A Monthly Reflection
This month we are called those old sayings: put rubber to the road, put your money where your mouth speaks, or put the peddle to the mettle.
This is the end of year one of the CSLI Fellows program. The end of the curriculum, the end of the small group I have grown to love. The end of the nights eating Italian at our new favorite place to get together. The sun is fading….
But as one door closes another one opens. A new year, a new dawn, a new sunrise. As I am posed to start year two soon and am excited, I can’t help imagining more growth, more fellowship, more laughs, more struggles, more convictions, and even more challenges with more friendships, more assignments, more love, and perhaps more tears – even internal spiritual ones.

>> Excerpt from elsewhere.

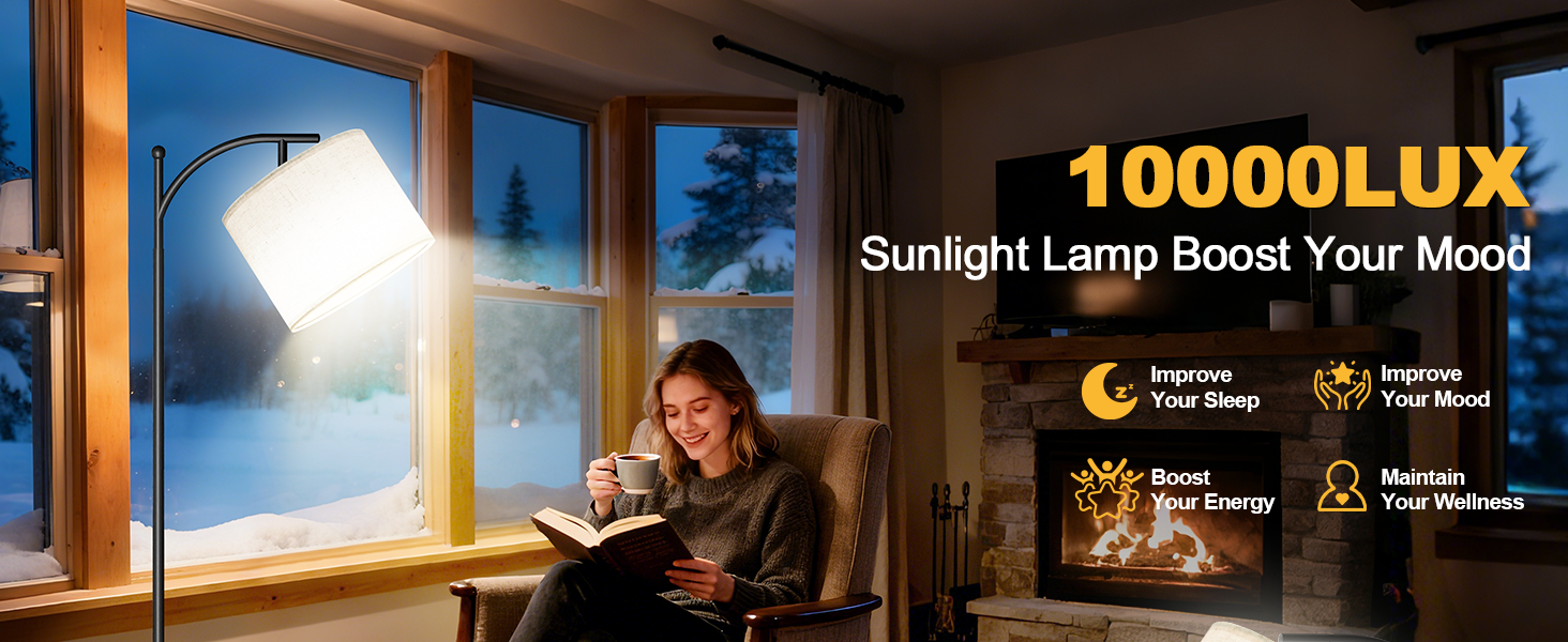 Beat the Winter Blues: Our sun light therapy lamp delivers up to 10,000 LUX at 8–12 inches with 1500 lumens and CRI 97, providing bright, natural light to create a refreshing atmosphere that helps you stay motivated and focused, even in dark winter months

The concept of more is what life is about. Not about more money, more fame, or more toys. It is more love, more joy, more heartfelt prayers, more relationships, more evangelism, more doing life in the trenches, more service to our L-rd and others for Him, more time spent with the Holy Spirit and in His Word. And more community with others and communion with Him.

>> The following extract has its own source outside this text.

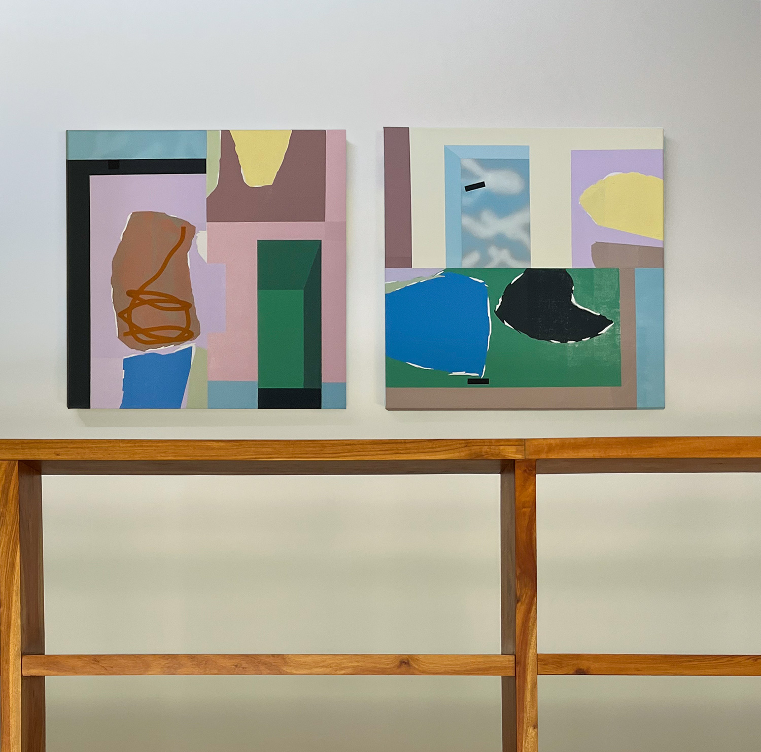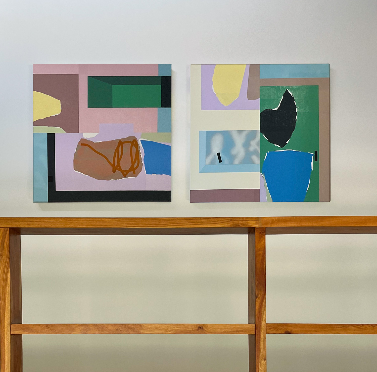 The work unfolds as a diptych, where two distinct yet interrelated panels engage in a visual dialogue. Through the exploration of morphological possibilities, the composition generates multiple combinations. The juxtaposition of the two parts creates a dynamic tension, inviting the viewer to move between harmony and contrast, continuity and disruption.

So that is what I believe Jesus means when He says that He gave to give us life abundantly. (John 10:10). He wants us to thrive with Him, even if it is on our knees crying out for strength and His loving arms.
These last few months have been tough on me, my family, and especially my daughter Hannah as she has been facing a new hurdle in her life – a brain tumor and the consequences of the removal. She has been overly poked, sleep deprived, emotional wrought, spiritually challenged, and of course in extreme amounts of physical pain. She has had the ups and downs of a devastating set of circumstances.
These last couple of months, in addition, we as a family have gone through a loss of a loved one (sister in-law’s significant other), a cancer diagnosis and treatment (mother-in-law), and my own job loss of being laid-off from my employer of 6+ years. Throughout all of this is where to me the rubber does meet the road. Where faith gets real. Where you either cling to Jesus and our Father for dear life or you run as far as you can away from Him or worse blame Him and you fail.
The fact is – He does not fail. He is right there for me. For you. And the fact is that He wants you near Him.
And that is the point of the evangelistic call – the Great Commission. Loving others to Him. Sharing how you are clinging to Him yourself. How others need Him just as much as you and me.
The biggest question in life to anyone should be –
Can you really get through this life without Him?
You cannot. You can try but you are living in a false hope. You are living in the Star Trek Holodeck. You are living in a dream. There is not any amount of “you” that can fix or even control your situation and your efforts are all a waste without Him anyway. You will spin your wheels for nothing or practically nothing.
(insert sad trumpet sound)
Thus, the only thing that matters is that you surrender to Him. EVERYTHING.
We need Him. Hannah needs Him. I need Him. And so do you. That is why, we need to be an evangelizer of the Gospel. Of Jesus. He is the only way, the only truth, the only comfort through the valleys of today and tomorrow.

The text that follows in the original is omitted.